Senada, kubu JK-Wiranto juga mempermasalahkan terkait DPT yang disusun oleh KPU.
Anggota Tim Kampanye Nasional (Timkamnas) JK-Wiranto saat itu, Indra J Piliang mengungkapkan DPT yang ada tidak sah secara hukum.
Kemudian, kedua kubu juga menilai adanya pelanggaran pemilu yang terstruktur, sistematis, dan massif (TSM) sehingga pasangan capres-cawapres saat itu, Susilo Bambang Yudhoyono (SBY) dan Boediono dapat menang di Pilpres 2009.
Kendati demikian, seluruh gugatan dari kubu Mega-Prabowo dan JK-Wiranto ditolak oleh MK yang saat itu dipimpin oleh Mahfud MD.
Dikutip dari pemberitaan Kompas.com pada 12 Agustus 2009 lalu, majelis hakim secara aklamasi menolak seluruh gugatan kedua pasangan tersebut.
Adapun alasan penolakan tersebut lantaran bukti-bukti yang diajukan pemohon bahwa ada kecurangan bersifat TSM tidak terbukti.
"Mengenai keterlibatan IFES dan formulir C1, dan pelanggraan pemilu lainnya, baik administratif maupun pidana, tidak dapat dinilai sebagai pelanggaran pemilu yang terstruktur, sistematis dan massif," papar Mahfud.
"Selain itu, dalil-dalil yang diajukan pemohon tentang penambahan suara pihak terkait (SBY-Boediono) tidak terbukti secara hukum," imbuhnya.
Gugatan Pilpres 2014
Lagi-lagi, pada Pilpres 2014, gugatan terkait hasil penghitungan suara kembali dilayangkan.
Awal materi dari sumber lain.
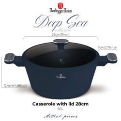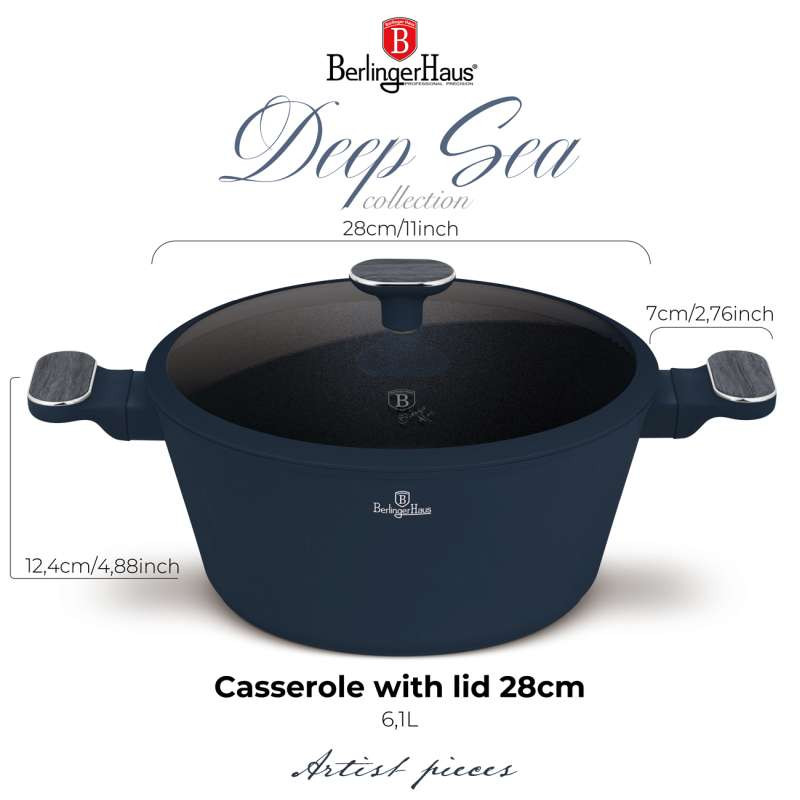 Hrniec na pečenie s pokrievkou 6,3 l - kombinácia funkčnosti a elegancieVarte, pečte a servírujte s priestranným hrncom na pečenie Berlinger Haus z kovaného hliníka s odolným nepriľnavým povrchom TitanPro. Jeho moderný dizajn v matnej modrej farbe so sivými drevenými detailmi z neho robí ozdobu každej kuchyne.Špecifikácie:- Materiál: kovaný hliník s nepriľnavým povrchom TitanPro- Objem: 6,3 l- Rozmery: priemer 28 × 13 cm- Farba: matná modrá so sivými drevenými detailmi- Registrovaný dizajn Berlinger HausVlastnosti:- 3× odolný nepriľnavý povrch TitanPro - varenie bez pripálenia s minimom tuku- ergonomická rukoväť a gombík s mäkkým dotykom, strieborná vložka a sivé drevené prevedenie - chladné na dotyk- Pokrievka z tvrdeného skla so žiaruvzdorným silikónovým systémom Soft-close- Praktický prieduch na odvod pary- Elegantný minimalistický štýl a matný povrch- Indukčné turbo dno pre rýchly a úsporný ohrev- Vhodné pre všetky typy varných dosiek- Šetrné k životnému prostrediu - neobsahuje PFOA, olova a kadmia- Jednoduché čistenieSkvelý a odolný pomocník na každodenné varenie a špeciálne príležitosti, ktorý spája praktickosť s nadčasovým štýlom.

Saat itu, pasangan capres-cawapres nomor urut 1, Prabowo Subianto-Hatta Rajasa menilai terjadinya pelanggaran secara TSM seperti adanya Daftar Pemilih Khusus Tambahan (DPKTb) yang dinilai sangat banyak, KPU tidak melaksanakan rekomendasi Bawaslu, hingga disebut adanya pengalihan suara dari pasangan Prabowo-Hatta ke capres-cawapres nomor urut 2, Joko Widodo (Jokowi)-JK.
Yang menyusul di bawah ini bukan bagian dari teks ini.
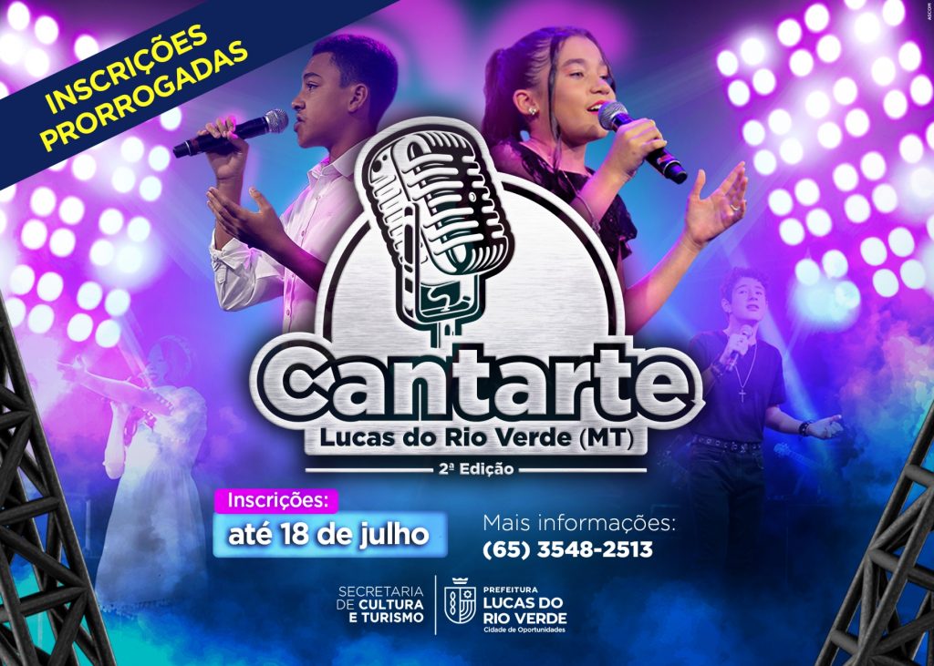 A Prefeitura de Lucas do Rio Verde, por meio da Secretaria de Cultura e Turismo informa que as inscrições para o Cantarte – Concurso de Canto 2ª Edição, foram prorrogadas. Agora, os artistas do município tem até o dia 18 de julho para participar.

Selain itu, mereka juga mempermasalahkan terkait sistem noken dalam pemungutan suara di Papua.
Kendati demikian, MK yang saat itu dipimpin oleh Hamdan Zoelva menolak seluruh gugatan dari Prabowo-Hatta yang menyebut adanya kecurangan Pemilu yang bersifat TSM.
Adapun putusan tersebut termaktub dalam amar putusan setebal 4.390 halaman.
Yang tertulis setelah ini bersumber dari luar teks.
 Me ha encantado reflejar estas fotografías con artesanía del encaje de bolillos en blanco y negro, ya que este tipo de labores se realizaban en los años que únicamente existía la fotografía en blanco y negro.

Salah satu dalil gugatan yang gugur yaitu terkait DPKTb.
Dikutip dari pemberitaan Kompas.com pada 22 Agustus 2014, MK menganggap dalil tersebut tidak dapat dijelaskan oleh kubu Prabowo-Hatta terkait apa bentuk kecurangan dalam dalil tersebut.
"Mahkamah mencermati DPKTb di seluruh provinsi di Indonesia dikaitkan dengan perolehan suara masing-masing pasangan calon menurut Mahkamah, tidak terdapat penyalahgunaan DPKTb yang terbukti menguntungkan salah satu pasangan calon atau sebaliknya merugikan pasangan calon lainnya," bunyi putusan tersebut.
Selanjutnya, dalil yang gugur adalah soal sistem noken di Papua di mana MK menyatakan sistem itu diterima dengan ketentuan yakni diadministrasikan baik dari tingkat TPS dengan C1 sampai tingkat di atasnya secara berjenjang.
Selain itu, sistem noken juga sesuai dengan putusan MK Nomor 47 tahun 2009 dan sistem budaya masyarakat asli Papua yang mendiami pegunungan.
"Mahkamah berpendapat sistem pemungutan suara dengan noken sah menurut hukum karena dijamin pasal 18 Undang-undang 1945," demikian bunyi putusan tersebut.
Gugatan Pilpres 2019
Gugatan dari pasangan capres-cawapres kembali dilayangkan dalam edisi Pilpres 2019.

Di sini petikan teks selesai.